Matlab Code for Mathematics Problems

Root Mean Square average

The sample solution provided here is for a set of five questions. The brief of questions, the solution to which has been demonstrated by the expert, is summarized as follows : –

Q 1. The expert has written a Matlab code using if else statements which implements a given function.

Q 2. Expression for friction factor as a function of Reynolds number is given for incompressible flow in a smooth pipe. The expert has demonstrated by writing the Matlab code for friction factor for some given values of Reynolds number.
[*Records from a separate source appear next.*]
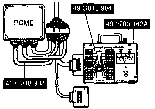 1. Remove the powertrain control module engine (PCME) and connect special service tools (Engine Signal Monitor and Adapter harness) to the PCME.
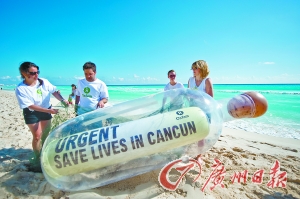 慈善組織在坎昆海灘放出一個(gè)巨大的漂流瓶,上面寫著“十萬火急,在坎昆挽救生命”。
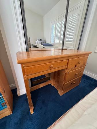Sturdy and functional wooden desk, perfect for a workspace, craft area, or student setup.
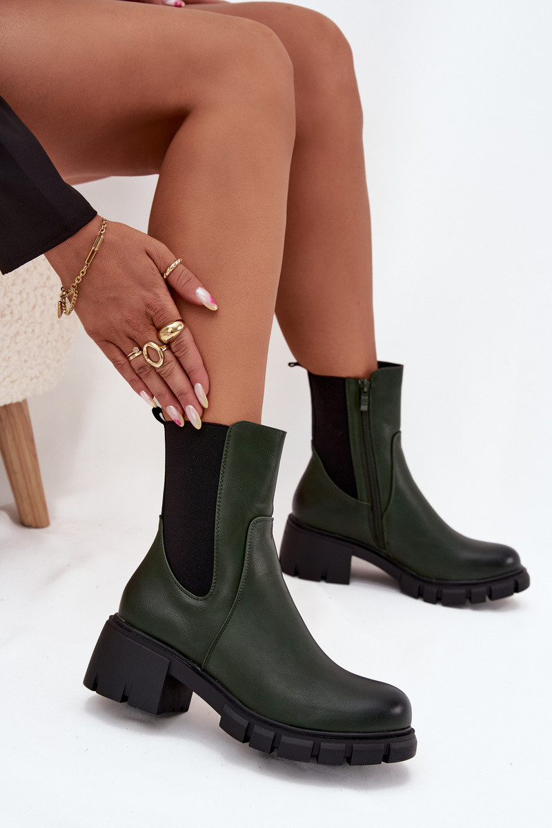 Stivaletti da donna in pelle sintetica color khaki Kyra
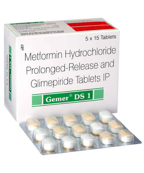 Gemer DS 1 Tablet PR is a prescription anti-diabetic medication combining Glimepiride, a sulfonylurea that stimulates insulin secretion, with a higher dose of Metformin (1000mg), a biguanide that decreases glucose production in the liver. This formulation is used for managing type 2 diabetes mellitus, particularly in patients who require a stronger dose of Metformin for better blood sugar control.
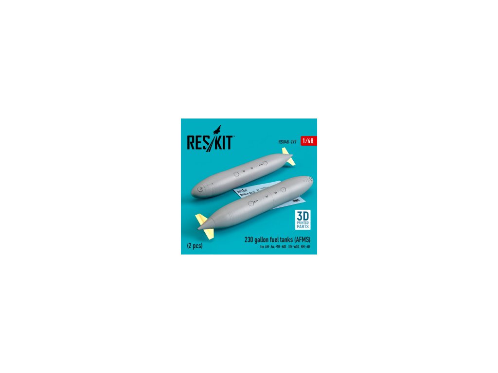 230 gallon fuel tanks (AFMS) for AH-64, MH-60L, UH-60A, HH-60 (2 pcs) (3D Printed) (1/48)

Q 3&4. The power series for π is given in question. Matlab code has been demonstrated by the expert using “while” loop and using “for” loop in two separate answers for the given condition.

Q 5. Data set is given, expert has showcased a Matlab code using “for” loop for finding out statistical values like Harmonic mean, Geometric mean, Root Mean Square average.

SOLUTION : –

clc, clear all, close all

%% Question 1

fprintf(‘%%%%%%%% QUESTION 1 %%%%%%%%\n\n’);

x = [8; 4; 3; 9; 0; -5];            % Define the data

n = length(x);                      % number of elements

f_x = zeros(n, 1);                  % Vector to store the results

k = 1;

for i = 1:n                         % iterate through all the value of x

xi = x(i);

if xi <= 1              % x <= 1

f_x(k) = 0;

elseif xi > 1 && xi < 5 % 1 < x < 5

f_x(k) = (xi-1)^2;

elseif xi >= 5          % x >= 5

f_x(k) = 16;

end

k = k + 1;

end

Results_Q1 = table(x, f_x)          % Create table with results

%% Question 2

fprintf(‘\n%%%%%%%% QUESTION 2 %%%%%%%%\n\n’);

Re = [3e6; 4e4; 9e8; 3500; 1800; 500];   % Data

n = length(Re);                     % Number of elements

f_Re = zeros(n,1);                  % Vector to store the results

k = 1;

for i = 1:n                         % iterate through all the values

Rei = Re(i);

if Rei <= 2100                  % Re <= 2100

f_Re(k) = 16/Rei;

elseif Rei > 2100 && Rei < 10^5 % 2100 < Re < 10^5

f_Re(k) = 0.0791/(Rei^0.25);

elseif Rei >= 10^5              % Re >= 10^5

f_Re(k) = 0.004;

end

k = k + 1;

end

Results_Q2 = table(Re, f_Re)        % Create table with results

%% Question 3

fprintf(‘\n%%%%%%%% QUESTION 3 %%%%%%%%\n\n’);

e = 10^(-8);                        % epsilon (min error)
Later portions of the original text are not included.